Quick wins & top takeaways
- Excess stock? How about a summer sale?
- Get involved in the community and sponsor local events for great PR.
- Take advantage of longer days and increased footfall by extending opening hours.
- Simple actions can mean a lot, like leaving water bowls out for dog owners on hot days.
- Never neglect your online offering
Rethink summer sales
Summer sales are a staple of large retailers and will often be a big draw for bargain hunters, but SMEs shouldn’t feel pressured to compete. If you’re not inundated with excessive stock, don’t reduce your margins if you don’t have to. Tida Finch, co-founder of Jewellery brand Finchittida Finch says "Big brands and high-street chains need to do sales because they pre-order large quantities of stock.”. Do the maths and establish if holding a sale will benefit your business this summer.
If holding a sale is the right way to go for you planning ahead is essential. Work out how much you can afford to reduce your stock by before you start. Maintaining healthy margins are key to running a profitable business. Using an EPOS system is essential to tracking incoming revenue and outgoing costs and allows you to get accurate view of performance. Keep costs as low as possible in regard to employee overtime and advertising costs. Make use of social media to as a free tool to promote your sale.
SMEs are better placed to profit from community events than their corporate counterparts as independents often have more personality and fewer restrictions than big brands. Supporting your local community is mutually beneficial as it encourages residents to visit your shop throughout the year. It’s also an opportunity to get your name, logo and branding out to an audience who live and work in your local area. By investing in the community you build trust and respect which will build customer loyalty.

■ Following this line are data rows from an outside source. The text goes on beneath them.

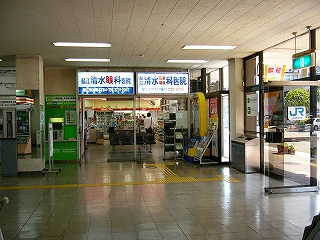改札口とみどりの窓口。みどりの左隣に夜間改札口がある。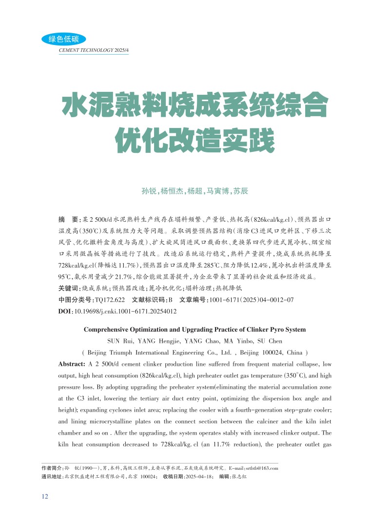 A 2 500t/d cement clinker production line suffered from frequent material collapse, low output, high heat consumption (826kcal/kg.cl), high preheater outlet gas temperature (350°C), and high pressure loss. By adopting upgrading the preheater system(eliminating the material accumulation zone at the C3 inlet, lowering the tertiary air duct entry point, optimizing the dispersion box angle and height); expanding cyclones inlet area; replacing the cooler with a fourth-generation step-grate cooler; and lining microcrystalline plates on the connect section between the calciner and the kiln inlet chamber and so on . After the upgrading, the system operates stably with increased clinker output. The kiln heat consumption decreased to 728kcal/kg.cl (an 11.7% reduction), the preheater outlet gas temperature dropped to 285°C, system pressure drop was reduced by 12.4%, and the outlet clinker temperature decreased to 95°C. Ammonia water consumption was reduced by 21.7%. Overall energy efficiency improved significantly, generating substantial social and economic benefits for the enterprise.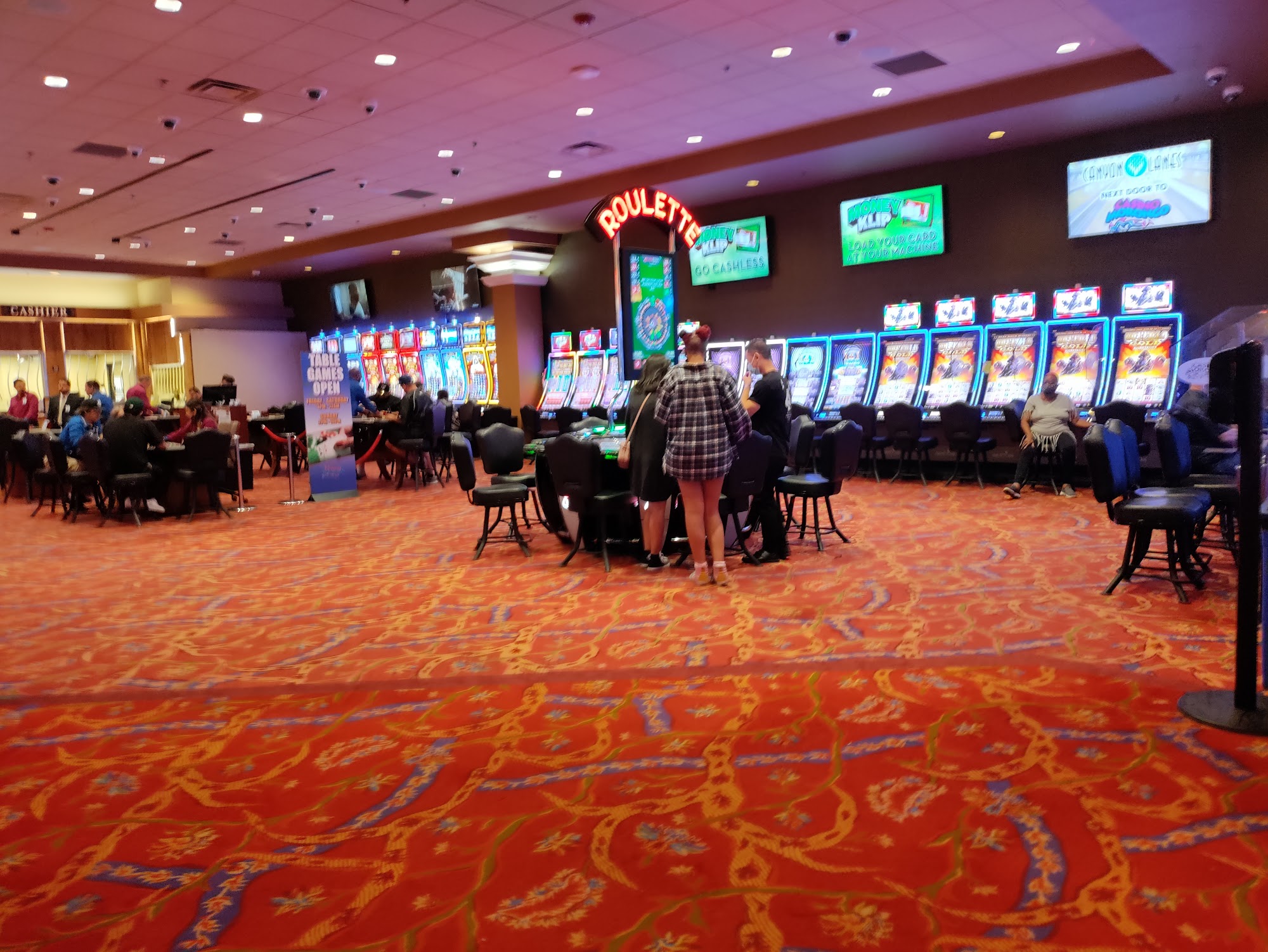 Canyon Lanes at Morongo is a vibrant bowling alley located in Cabazon, California, just a short drive from Indio, the Greater Palm Springs area, and Joshua Tree. Connected to the Casino Morongo, it features 24 clean and well-maintained lanes, making it an excellent choice for families, couples, teens, and coworkers seeking a fun outing or serious competitors looking for a challenge. The alley offers leagues for all ages and skill levels, along with exciting tournaments. On weekends, guests can enjoy blacklight bowling, with both family and adult sessions available. The atmosphere is bright and cheerful, making it a great venue for special occasions, such as birthday parties, where guests can celebrate in style. Canyon Lanes also features gaming machines, an arcade, and a Pro Shop. Guests can indulge in a variety of delicious food options, including burgers, wings, pizza, and churro donuts. A full bar is available, along with a snack bar that serves tasty items like chicken tenders and fries. For added convenience, a shuttle service is offered to transport guests from the resort to the bowling alley. Overall, Canyon Lanes provides a fun, clean, and welcoming environment for all.

The summer months are rich with local and regional events such as local fetes, marathons, charity events and markets. Whether you are sponsoring or participating, think of imaginative ways you can get involved and make links to your business. Bakers could judge cake competitions, sports retailers could sponsor school sports days and convenience stores could donate raffle prizes. Local community groups and associations are often desperate for the support so if you can offer money or time they’d be more than happy to support your business in return.
If you’re lucky enough to be positioned in a high profile tourist area, you should absolutely be looking to benefit from this additional summer trade. Partnering with local hospitality businesses is a great way to do this. Cross-promotion can benefit you both. By displaying brochures, posters and/or business cards in your shop, and the other business doing the same for you in return, you can increase footfall for both parties. You could even offer special deals to tourists staying at your partnered hotels and B&Bs.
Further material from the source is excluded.